My paintings are an ode to the landscape where I live, the Puget Sound Region of the Pacific Northwest. The distant mountains, forests, waterways, and endlessly changing sky, serve as inspiration for my work. I deeply search for the diversity of plants and the color harmonies of each season.
Several months out of the year I join a plein air group ("in the open air") at a local park. This scene provides the material for my larger paintings. The challenge of plein air is to compose on the spot paint, paint quickly and record my impressions.
My goal is to create a sense of space and atmosphere, while also being true to the location. It may be the light, reflections in the water, or shadows across a field that strike me. Or it is the feeling of awe and wonder at the complexity and beauty of the scene before me that I wish to capture."

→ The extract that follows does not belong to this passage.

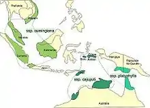 * subsp. cajuputi : Australie du nord, Timor, Moluques * subsp. cumingiana : Malaisie, Sumatra, Kalimantan * subsp. platyphylla : péninsule du cap York (Australie), Papouasie-Nouvelle-Guinée

Ellen's enduring love for nature and for expressing that love through her oils goes back to college and beyond.
"As an undergraduate at the University of California, Santa Cruz, I took classes in studio art and graduated with a BA in Art History. Those classes never left me."
As with many of us, her path was circuitous. For Ellen's next step, she pursued an MBA at the University of California, Berkeley. A business career placed her love of painting on the back burner. But the desire to paint still burned within.
"For several years, I took evening and weekend classes, attended life drawing workshops, and volunteered at the local art museum or galleries.
Upon retirement, I attended the 3-year Contemporary Atelier at Gage Academy of Art, where I refined my skills in the traditions of representational fine art. I was honored with a solo show after the atelier program, and since then my work has been on display at several juried shows."
As a children's book author who began writing seriously at fifty-three and whose first children's novel, Wishes Are Free, was published when I was seventy-five, I can appreciate the gift of retirement, too. It isn't retirement for me. It's a beginning. A reboot of a love of writing I had all of my life, but no time to pursue it.
Kudos to both of us. Both Bellevue residents, both making it happen in the autumn of our lives.